§ YOUR TASK
Print the lines that start the entries and continue through the one holding "MULTI FUNCTIONAL ELECTRIC", please, exactly and with the pictures omitted.

§ Collected data entries
[Start of section]

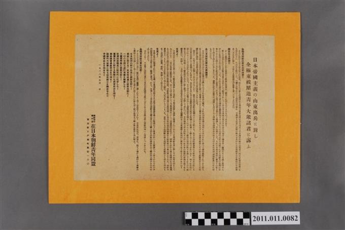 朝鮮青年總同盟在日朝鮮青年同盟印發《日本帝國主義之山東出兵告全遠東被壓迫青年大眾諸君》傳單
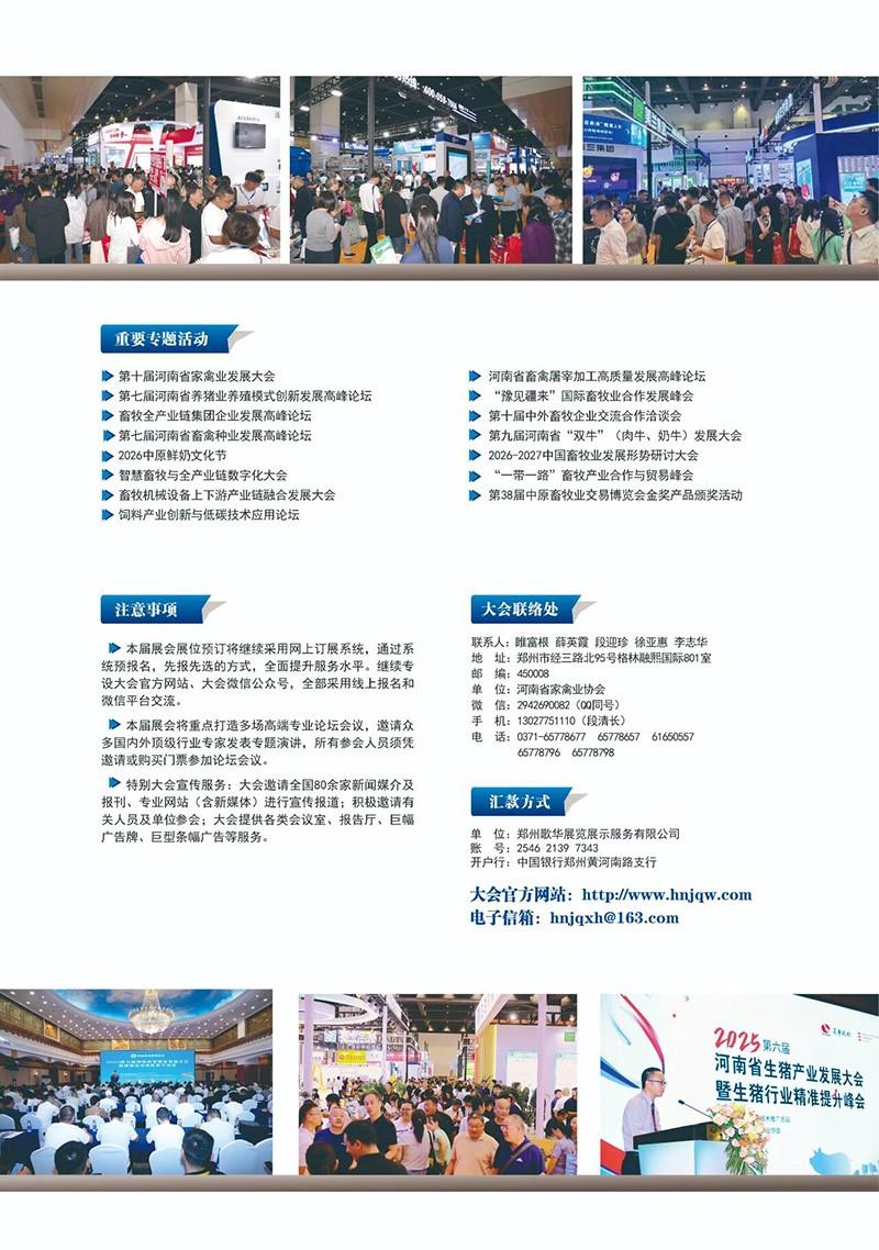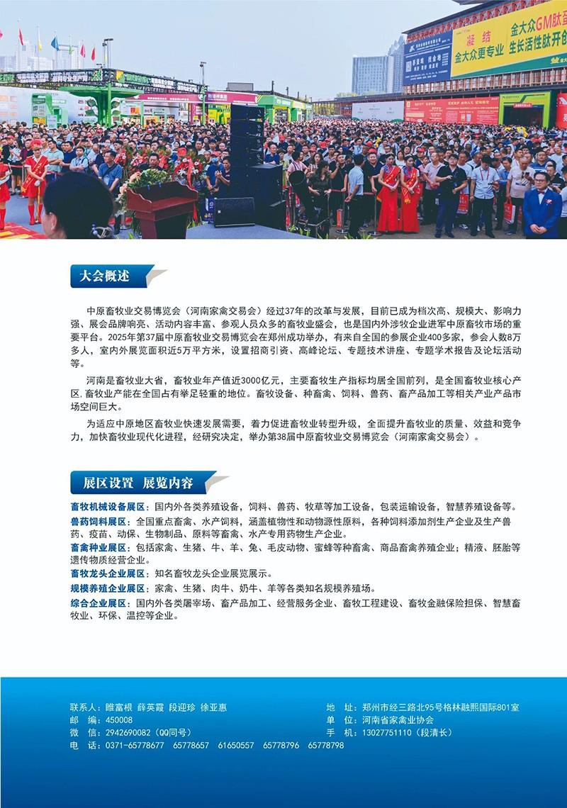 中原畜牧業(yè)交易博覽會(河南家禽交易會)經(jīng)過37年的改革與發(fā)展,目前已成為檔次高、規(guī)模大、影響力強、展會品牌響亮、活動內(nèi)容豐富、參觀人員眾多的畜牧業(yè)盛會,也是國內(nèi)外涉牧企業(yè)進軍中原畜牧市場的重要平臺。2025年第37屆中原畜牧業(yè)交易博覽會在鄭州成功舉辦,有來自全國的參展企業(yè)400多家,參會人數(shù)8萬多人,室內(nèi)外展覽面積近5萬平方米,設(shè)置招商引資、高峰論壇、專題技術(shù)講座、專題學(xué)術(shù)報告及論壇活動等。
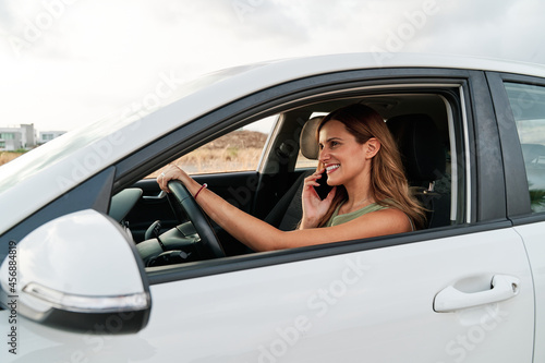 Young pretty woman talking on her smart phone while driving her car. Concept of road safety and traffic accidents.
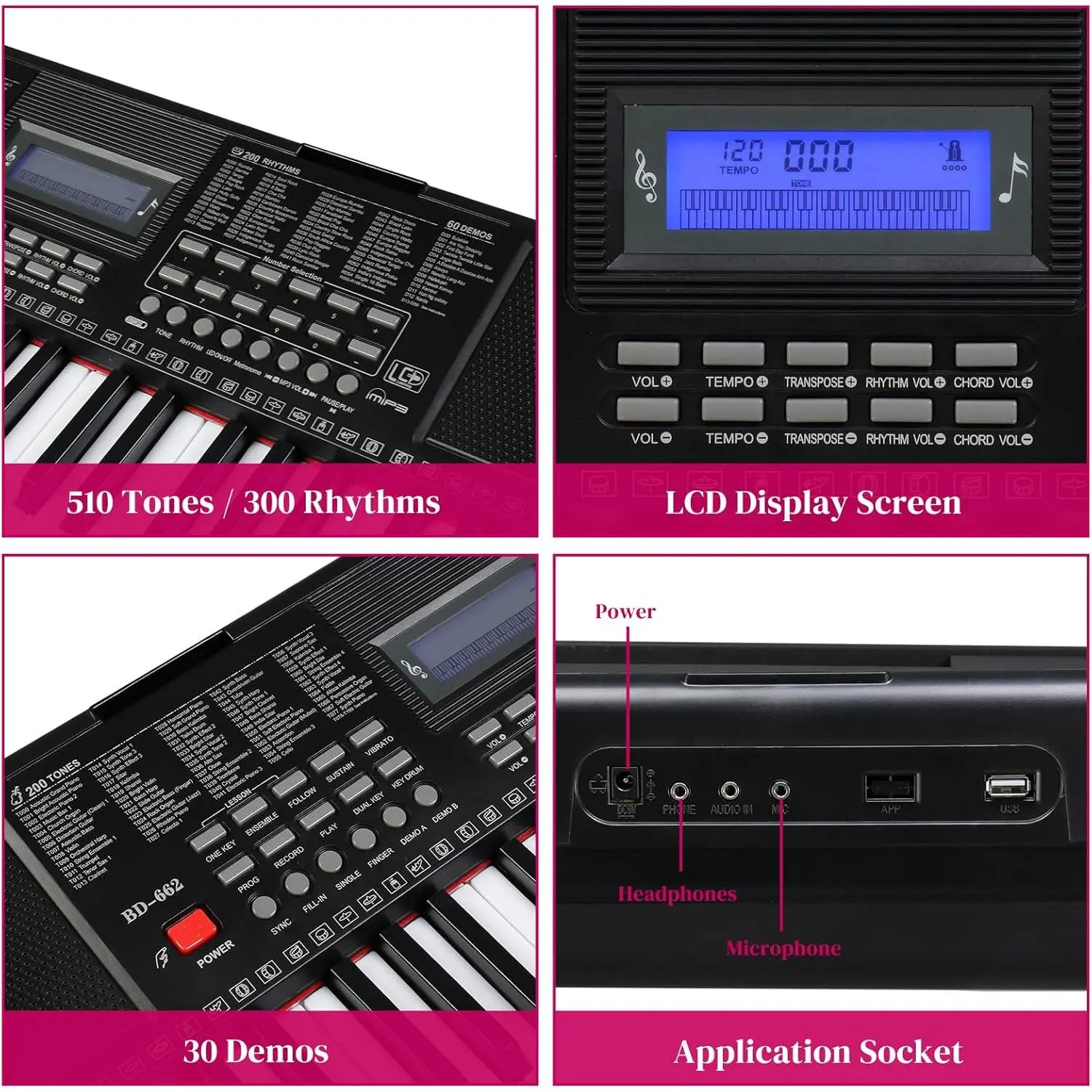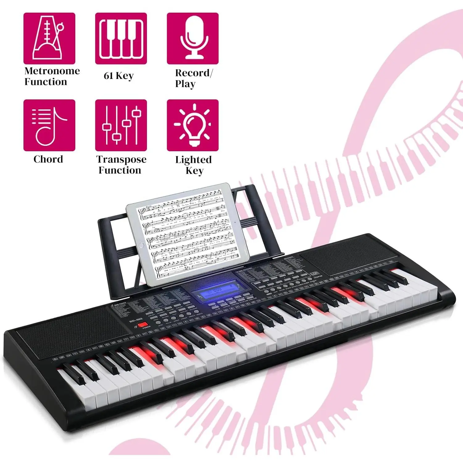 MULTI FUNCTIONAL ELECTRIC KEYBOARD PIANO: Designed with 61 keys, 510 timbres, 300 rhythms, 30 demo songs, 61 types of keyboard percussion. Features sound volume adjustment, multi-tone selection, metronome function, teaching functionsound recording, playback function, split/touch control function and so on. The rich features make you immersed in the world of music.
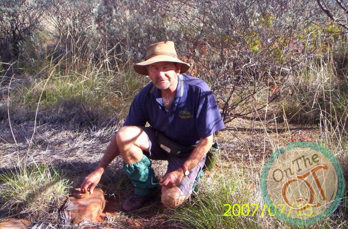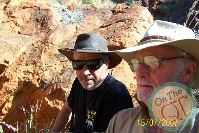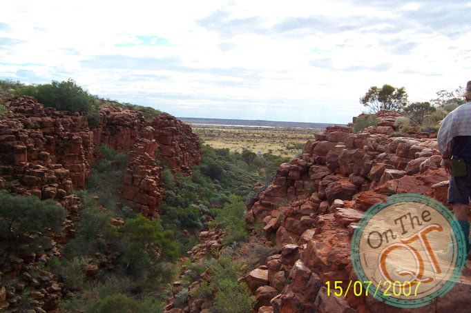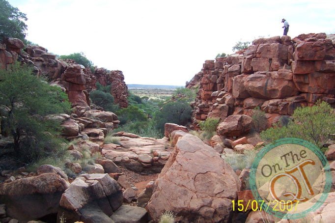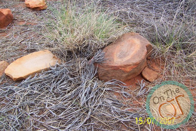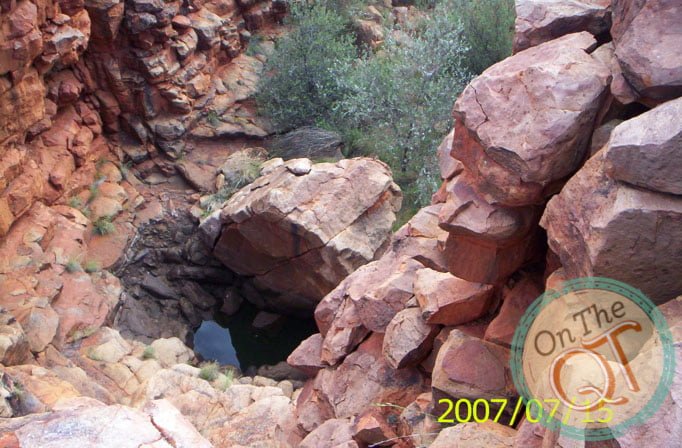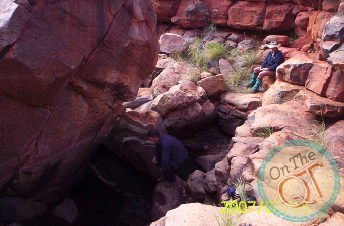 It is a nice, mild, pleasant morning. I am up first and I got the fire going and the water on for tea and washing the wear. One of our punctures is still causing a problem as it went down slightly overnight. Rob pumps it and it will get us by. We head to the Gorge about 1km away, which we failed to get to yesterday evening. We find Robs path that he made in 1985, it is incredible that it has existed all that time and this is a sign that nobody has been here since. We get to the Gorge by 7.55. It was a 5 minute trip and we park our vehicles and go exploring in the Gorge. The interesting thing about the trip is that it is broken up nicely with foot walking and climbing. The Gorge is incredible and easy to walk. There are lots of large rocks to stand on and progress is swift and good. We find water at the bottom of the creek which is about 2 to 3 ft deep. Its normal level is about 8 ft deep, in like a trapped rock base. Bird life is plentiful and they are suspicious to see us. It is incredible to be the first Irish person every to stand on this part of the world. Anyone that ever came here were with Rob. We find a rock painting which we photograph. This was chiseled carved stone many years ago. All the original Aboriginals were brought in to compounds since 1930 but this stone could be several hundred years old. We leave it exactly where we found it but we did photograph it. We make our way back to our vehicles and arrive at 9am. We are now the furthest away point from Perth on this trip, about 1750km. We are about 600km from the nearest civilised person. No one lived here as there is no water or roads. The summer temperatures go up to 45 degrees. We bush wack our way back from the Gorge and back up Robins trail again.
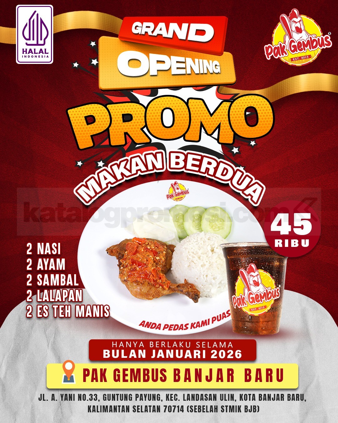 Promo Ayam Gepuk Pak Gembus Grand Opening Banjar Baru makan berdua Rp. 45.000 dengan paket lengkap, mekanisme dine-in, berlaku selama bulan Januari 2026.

[End of section]

§ ANSWER TO THIS TASK
 朝鮮青年總同盟在日朝鮮青年同盟印發《日本帝國主義之山東出兵告全遠東被壓迫青年大眾諸君》傳單
 中原畜牧業(yè)交易博覽會(河南家禽交易會)經(jīng)過37年的改革與發(fā)展,目前已成為檔次高、規(guī)模大、影響力強、展會品牌響亮、活動內(nèi)容豐富、參觀人員眾多的畜牧業(yè)盛會,也是國內(nèi)外涉牧企業(yè)進軍中原畜牧市場的重要平臺。2025年第37屆中原畜牧業(yè)交易博覽會在鄭州成功舉辦,有來自全國的參展企業(yè)400多家,參會人數(shù)8萬多人,室內(nèi)外展覽面積近5萬平方米,設(shè)置招商引資、高峰論壇、專題技術(shù)講座、專題學(xué)術(shù)報告及論壇活動等。
 Young pretty woman talking on her smart phone while driving her car. Concept of road safety and traffic accidents.
 MULTI FUNCTIONAL ELECTRIC KEYBOARD PIANO: Designed with 61 keys, 510 timbres, 300 rhythms, 30 demo songs, 61 types of keyboard percussion. Features sound volume adjustment, multi-tone selection, metronome function, teaching functionsound recording, playback function, split/touch control function and so on. The rich features make you immersed in the world of music.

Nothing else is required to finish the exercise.